» **Exercise directions**
If a line below falls between the line with "Young caucasian woman" and the line with "Adult Hogwarts robe", or is one of those two, output it exactly; output nothing else and no pictures.

» **Record excerpts**
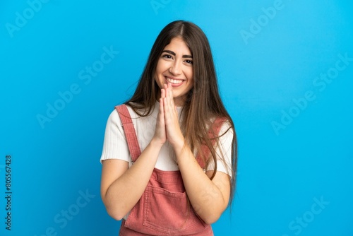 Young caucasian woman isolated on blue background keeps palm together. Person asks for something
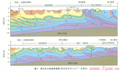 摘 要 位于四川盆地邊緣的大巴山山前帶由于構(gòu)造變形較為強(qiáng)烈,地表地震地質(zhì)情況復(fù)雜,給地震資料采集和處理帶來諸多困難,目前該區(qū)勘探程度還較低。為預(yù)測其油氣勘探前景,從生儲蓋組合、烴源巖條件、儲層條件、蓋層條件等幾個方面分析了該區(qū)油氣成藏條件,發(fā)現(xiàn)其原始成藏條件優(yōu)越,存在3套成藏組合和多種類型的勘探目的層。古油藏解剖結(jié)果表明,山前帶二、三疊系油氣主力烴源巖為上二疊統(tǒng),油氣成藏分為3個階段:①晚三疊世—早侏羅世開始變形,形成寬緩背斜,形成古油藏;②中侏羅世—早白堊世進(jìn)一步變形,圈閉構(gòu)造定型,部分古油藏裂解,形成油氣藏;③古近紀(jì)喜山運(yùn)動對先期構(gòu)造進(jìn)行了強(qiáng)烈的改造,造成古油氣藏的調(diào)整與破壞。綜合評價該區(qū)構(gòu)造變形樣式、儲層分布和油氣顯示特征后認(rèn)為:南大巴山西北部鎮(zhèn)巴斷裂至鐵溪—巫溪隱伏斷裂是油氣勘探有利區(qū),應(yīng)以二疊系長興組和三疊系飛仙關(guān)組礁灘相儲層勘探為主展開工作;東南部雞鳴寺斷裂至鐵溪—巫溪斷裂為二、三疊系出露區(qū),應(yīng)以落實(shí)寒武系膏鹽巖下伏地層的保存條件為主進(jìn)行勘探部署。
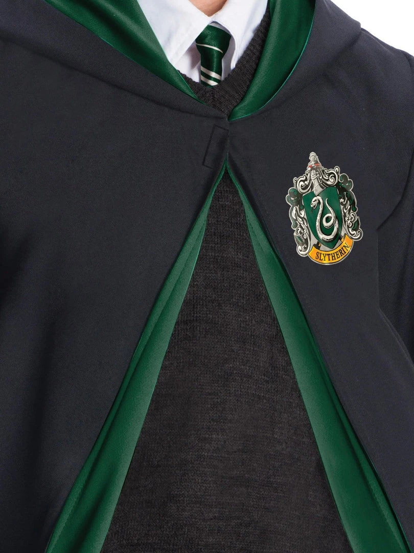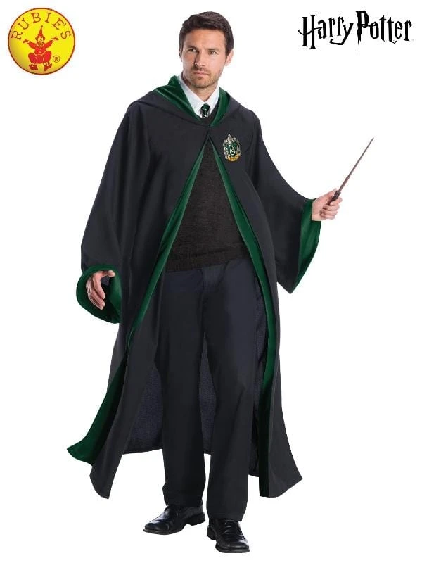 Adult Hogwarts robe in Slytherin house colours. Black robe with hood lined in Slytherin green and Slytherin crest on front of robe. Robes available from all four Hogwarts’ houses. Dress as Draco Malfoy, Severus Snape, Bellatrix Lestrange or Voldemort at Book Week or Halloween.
---
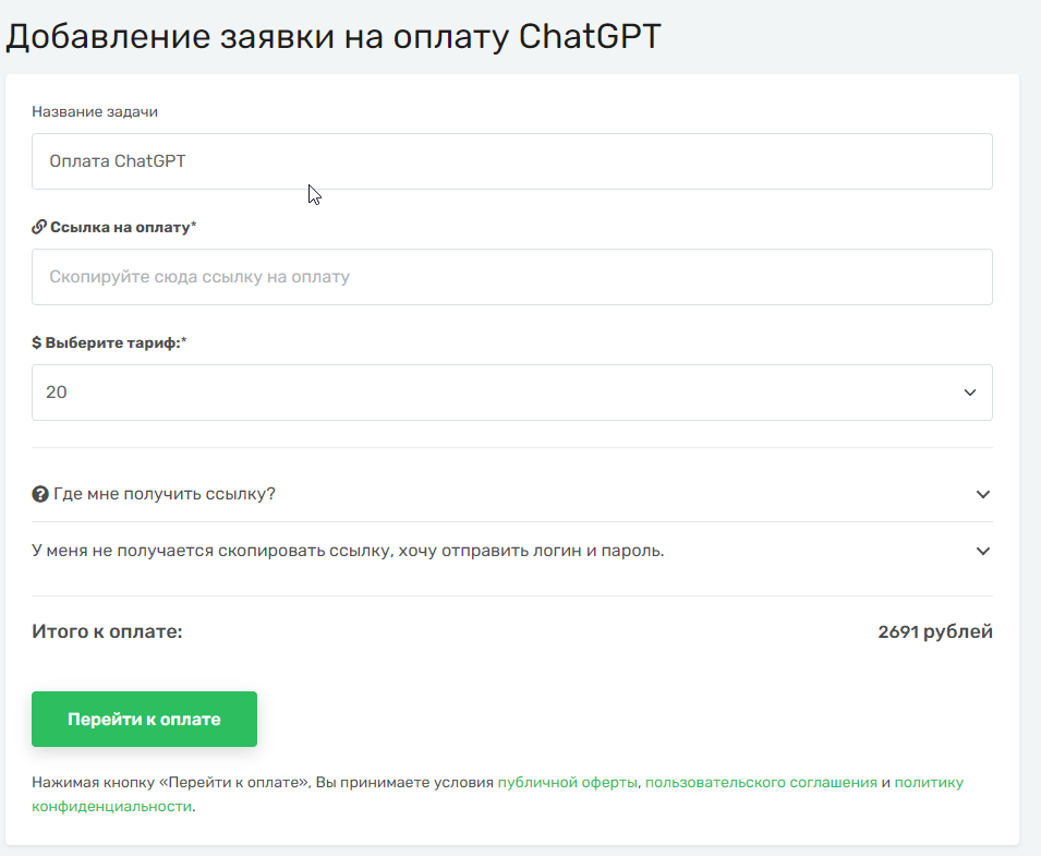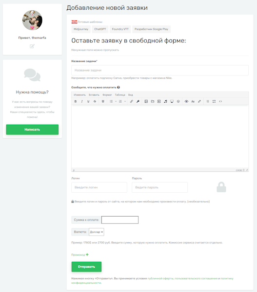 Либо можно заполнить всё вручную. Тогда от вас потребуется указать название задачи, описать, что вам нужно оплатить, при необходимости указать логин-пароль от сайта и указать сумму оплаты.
--
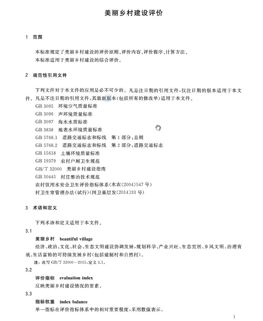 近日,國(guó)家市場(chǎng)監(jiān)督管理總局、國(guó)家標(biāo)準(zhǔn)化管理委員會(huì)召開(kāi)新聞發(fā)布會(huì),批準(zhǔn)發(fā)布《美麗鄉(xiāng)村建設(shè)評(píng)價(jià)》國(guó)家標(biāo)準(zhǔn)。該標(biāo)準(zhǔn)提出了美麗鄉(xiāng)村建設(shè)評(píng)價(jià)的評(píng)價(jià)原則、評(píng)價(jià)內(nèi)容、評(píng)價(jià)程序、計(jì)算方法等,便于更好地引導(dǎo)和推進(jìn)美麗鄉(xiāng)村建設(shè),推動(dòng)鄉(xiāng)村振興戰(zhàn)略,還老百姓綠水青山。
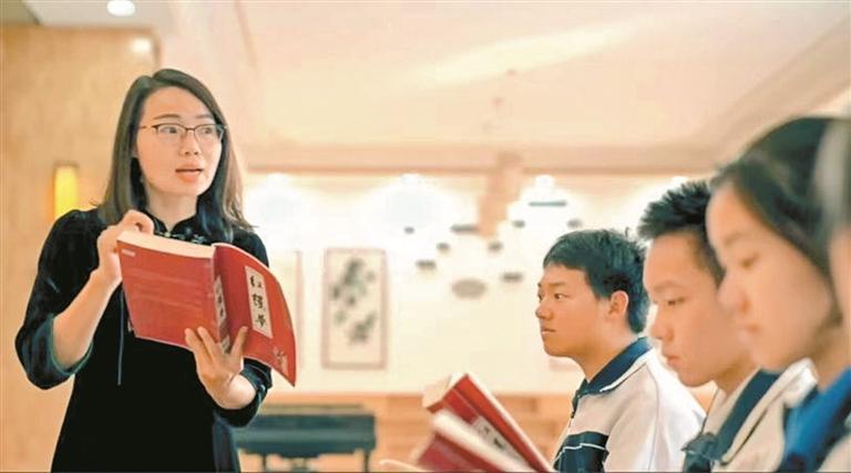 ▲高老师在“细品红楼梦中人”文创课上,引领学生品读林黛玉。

» **Result of the exercise**
 Young caucasian woman isolated on blue background keeps palm together. Person asks for something
 摘 要 位于四川盆地邊緣的大巴山山前帶由于構(gòu)造變形較為強(qiáng)烈,地表地震地質(zhì)情況復(fù)雜,給地震資料采集和處理帶來諸多困難,目前該區(qū)勘探程度還較低。為預(yù)測其油氣勘探前景,從生儲蓋組合、烴源巖條件、儲層條件、蓋層條件等幾個方面分析了該區(qū)油氣成藏條件,發(fā)現(xiàn)其原始成藏條件優(yōu)越,存在3套成藏組合和多種類型的勘探目的層。古油藏解剖結(jié)果表明,山前帶二、三疊系油氣主力烴源巖為上二疊統(tǒng),油氣成藏分為3個階段:①晚三疊世—早侏羅世開始變形,形成寬緩背斜,形成古油藏;②中侏羅世—早白堊世進(jìn)一步變形,圈閉構(gòu)造定型,部分古油藏裂解,形成油氣藏;③古近紀(jì)喜山運(yùn)動對先期構(gòu)造進(jìn)行了強(qiáng)烈的改造,造成古油氣藏的調(diào)整與破壞。綜合評價該區(qū)構(gòu)造變形樣式、儲層分布和油氣顯示特征后認(rèn)為:南大巴山西北部鎮(zhèn)巴斷裂至鐵溪—巫溪隱伏斷裂是油氣勘探有利區(qū),應(yīng)以二疊系長興組和三疊系飛仙關(guān)組礁灘相儲層勘探為主展開工作;東南部雞鳴寺斷裂至鐵溪—巫溪斷裂為二、三疊系出露區(qū),應(yīng)以落實(shí)寒武系膏鹽巖下伏地層的保存條件為主進(jìn)行勘探部署。
 Adult Hogwarts robe in Slytherin house colours. Black robe with hood lined in Slytherin green and Slytherin crest on front of robe. Robes available from all four Hogwarts’ houses. Dress as Draco Malfoy, Severus Snape, Bellatrix Lestrange or Voldemort at Book Week or Halloween.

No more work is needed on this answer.